Trump is also under investigation for allegedly trying to alter the results of the 2020 vote in Georgia, a state he narrowly lost to Democrat Joe Biden, and for his role in the violent assault on the crowd against the US Capitol on January 6, 2020. 2021, when Trump supporters tried to block Congress from certifying Biden as president. Trump denied doing anything improper and called the New York investigation a “witch hunt.”

While in office, Trump adopted a judicial opinion from the Justice Department that a president could not be charged. However, once a president leaves office, this protection disappears.

Most former US presidents of the past half-century have led relatively quiet public lives: founding foundations, lucrative speeches or, in the case of Jimmy Carter, lavish charity work. The fall from grace scarred Nixon for years, though he eventually reemerged to speak on global issues and advise aspiring politicians and would-be presidents, including Trump.

The immediate cause of Nixon’s resignation was the discovery of the “smoking gun”: Oval Office tape recordings, initiated by Nixon himself, which revealed that he had ordered a cover-up of the illegal 1972 raid on headquarters of the National Committee. at the Watergate complex in Washington. By 1974, the scandal had spread far beyond the original crime. Many of Nixon’s top aides had resigned and were eventually imprisoned. Nixon himself was a possible target of the special counsel appointed for the Watergate case.

“There were supporters in Congress and on the special counsel team who would have liked to see Nixon indicted after his resignation, or who at least believed clemency was premature,” says John A. Farrell, author of “Richard Nixon: The Life,” an award-winning biography published in 2017. “But special counsel Leon Jaworski had always chosen to deal with Nixon through the constitutional impeachment process.”

Former President Donald Trump has been charged with multiple counts in a case involving alleged payments of

Farrell points out that Ford pardoned Nixon so quickly after his resignation that Jaworski’s office did not have time to fully review the charges against Nixon. Ford himself later said that an “indictment, trial, conviction and all that happened” would have diverted the country from more immediate problems.

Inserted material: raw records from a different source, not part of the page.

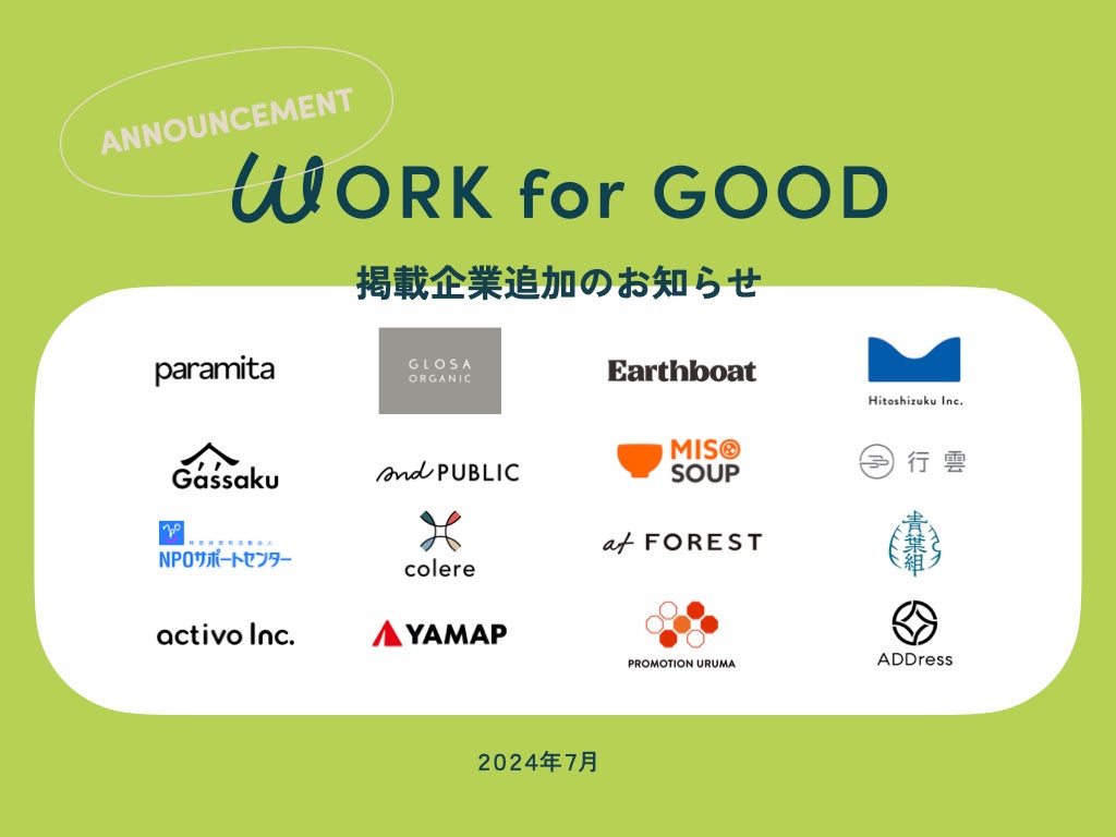 「働く」で社会を変える求人サイト「WORK for GOOD」、新たに16社を掲載!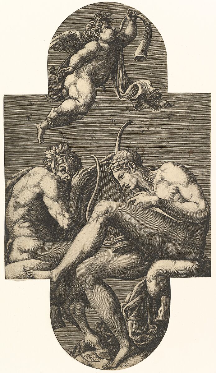 This engraving depicting the contest between Pan and Apollo is based on one of four frescoes—the other three represent groups of Muses—that surrounded a central depiction of Venus and the Fates on the vault of the Galerie d'Ulisse at Fontainebleau. Given the planetary symbolism of the ceiling, known today only through descriptions, prints, and drawings, it seems likely that the music making here is associated with the harmonies of the cosmos.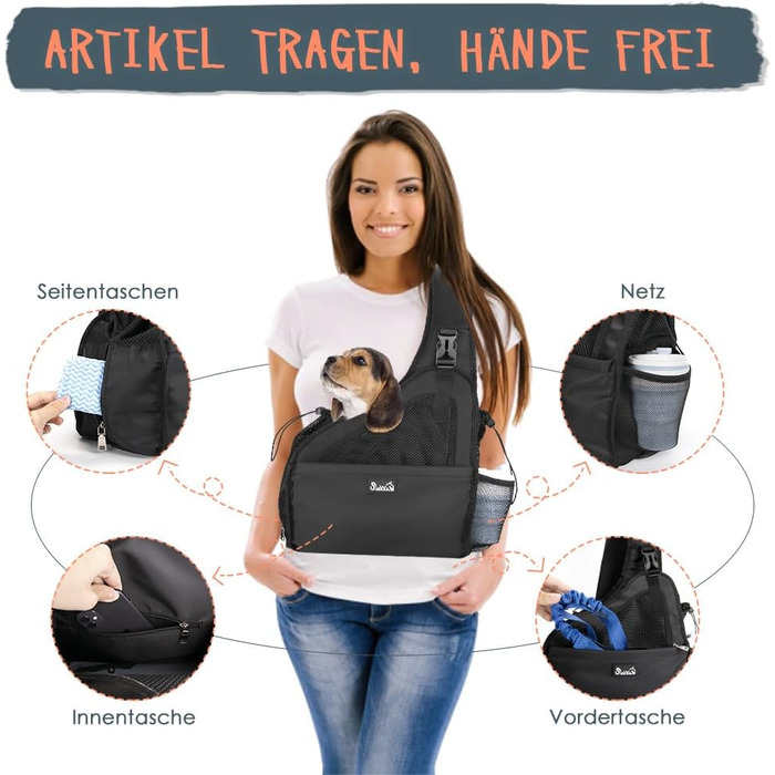 - Велика місткість для зберігання--- кишені на блискавці спереду та всередині слінгу можна наповнити ласощами, сумками, гаманцем, мобільним телефоном або брелоком. Кишеня збоку сумки призначена для пляшок з водою. З цими сумками у вас фактично вільні руки, коли ви берете своїх собак або кішок на щоденні прогулянки, пригоди на вихідні та інші види активного відпочинку.

“Here’s what you can say: Nixon himself was very concerned about the possibility (of being sued) to the point that it was detrimental to his health,” Farrell said, referring to Nixon’s issues with his phlebitis – inflammation of the leg veins.

“He was thinking aloud about how some of the great political writings in history were written in prison cells. His family, very worried, contacted the White House, alerting Ford collaborators to the deteriorating condition of the former president.

The Nixon and Harding administrations were among several defined by scandal, without the president being formally indicted.

Ulysses Grant, the Union general and Civil War hero, was otherwise naive about those around him. Many members of his presidential cabinet have been implicated in financial crimes, ranging from extortion to market manipulation. Grant himself was arrested for a more insignificant offense. During his first term in 1872, he was arrested twice for being too fast in his car.

“The second time Grant had to pay a $20 fine, but he never spent a night in jail,” says historian Ron Chernow, whose biography of Grant was published in 2017.

A tragedy could have saved a future president.

By the fall of 1963, Vice President Lyndon Johnson had fallen out of favor in the John F. Kennedy administration and was potentially threatened by law because his top aide, Bobby Baker, was under investigation for dealings. financial and influence peddling. Johnson, with his own history of dodgy finances, has denied any close connection to a man he once claimed to love as a son.

On the morning of November 22, 1963, Life magazine was organizing an investigation and the congressional hearings had just begun. However, within hours Kennedy had been assassinated, Johnson had been sworn in as his successor, and interest in Baker’s business had essentially ceased.